En encourageant une culture de collaboration interfonctionnelle avec une fabrication intelligente basée sur le jumeau numérique complet, les constructeurs automobiles peuvent flexibiliser leurs opérations, atteindre un niveau supérieur d’automatisation et mettre en œuvre une écoresponsabilité proactive. Fusionner les mondes réel et numérique permet de mettre avec succès sur le marché la nouvelle génération de véhicules automobiles, grâce à des informations exploitables avant la mise en service physique et tout au long de la production. Ce décalage vers l’amont favorise une fabrication écoresponsable et de haute qualité dans le domaine des SDV.
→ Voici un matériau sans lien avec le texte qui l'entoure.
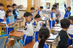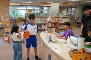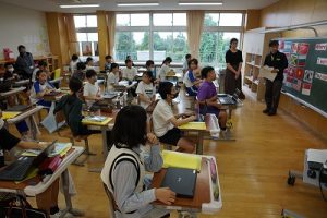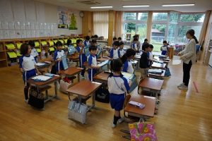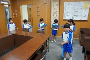 1年生の生活科では、学校探検でいろいろな先生にインタビューを行いました。校長室にも6名の子どもたちが来てくれました。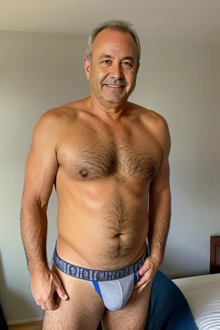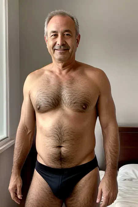 提示词:中等体型,60岁普通男子的肖像,穿着丁字裤,赤裸上身,站在卧室中,摆出模特姿势,微笑,高度细节,HDR,4K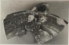| Description: | Mended from five pieces; none of the lower part preserved. The flaring sides straighten toward the top; the rim is a simple thickening, projecting slightly on the outside. Blunt rounded spout, bridged by rim. Heavy fabric; pinkish buff clay. Reddish brown to black glaze on the inside, on the outside to just below the rim, and for a broad band around the body below the spout, and all over the spout. | |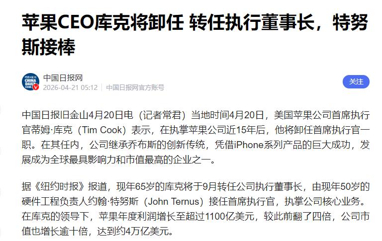 当地时间4月20日,管苹果快15年的CEO蒂姆·库克,正式说要卸任了。大家别瞎猜,不是被开除,也不是出啥意外,就是正常换岗。

La définition par logiciel, une révolution rendue possible par la numérisation
La conception et la fabrication des SDV de demain nécessitent une plus grande collaboration entre les différents domaines de l’ingénierie, les constructeurs automobiles et les chaînes d’approvisionnement mondiales sur lesquelles ils s’appuient. La transformation numérique de la conception et de la fabrication est la solution pour faire face à l’augmentation des coûts, des délais et des risques que les logiciels et l’électronique font peser sur l’industrie automobile. La création d’un jumeau numérique complet du SDV et d’une continuité numérique solide entre toutes les disciplines-clés permet de s’assurer que tous les cahiers des charges des systèmes sont satisfaits et validés. La numérisation fournit le cadre et l’accessibilité nécessaires à la réussite durable de la prochaine grande transition de l’industrie automobile.
A propos de l’auteur
Nand Kochhar est vice-président en charge du secteur de l’automobile et des transports chez Siemens Digital Industries Software. Il a rejoint Siemens en 2020 après avoir passé près de 30 ans chez Ford Motor Company, où son dernier poste en date était celui d’ingénieur en chef des systèmes de sécurité pour le monde entier. À ce titre, il était responsable au niveau mondial des performances de tous les véhicules Ford et Lincoln en matière de sécurité. Il a également été responsable technique exécutif pour l’IAO et membre du comité technique consultatif de Ford. Au cours de son mandat chez Ford, Nand Kochhar a également occupé des fonctions de directeur de l’ingénierie dans différents domaines, tels que le développement de produits, la fabrication, la numérisation, ainsi que le développement et la mise en œuvre de technologies de simulation.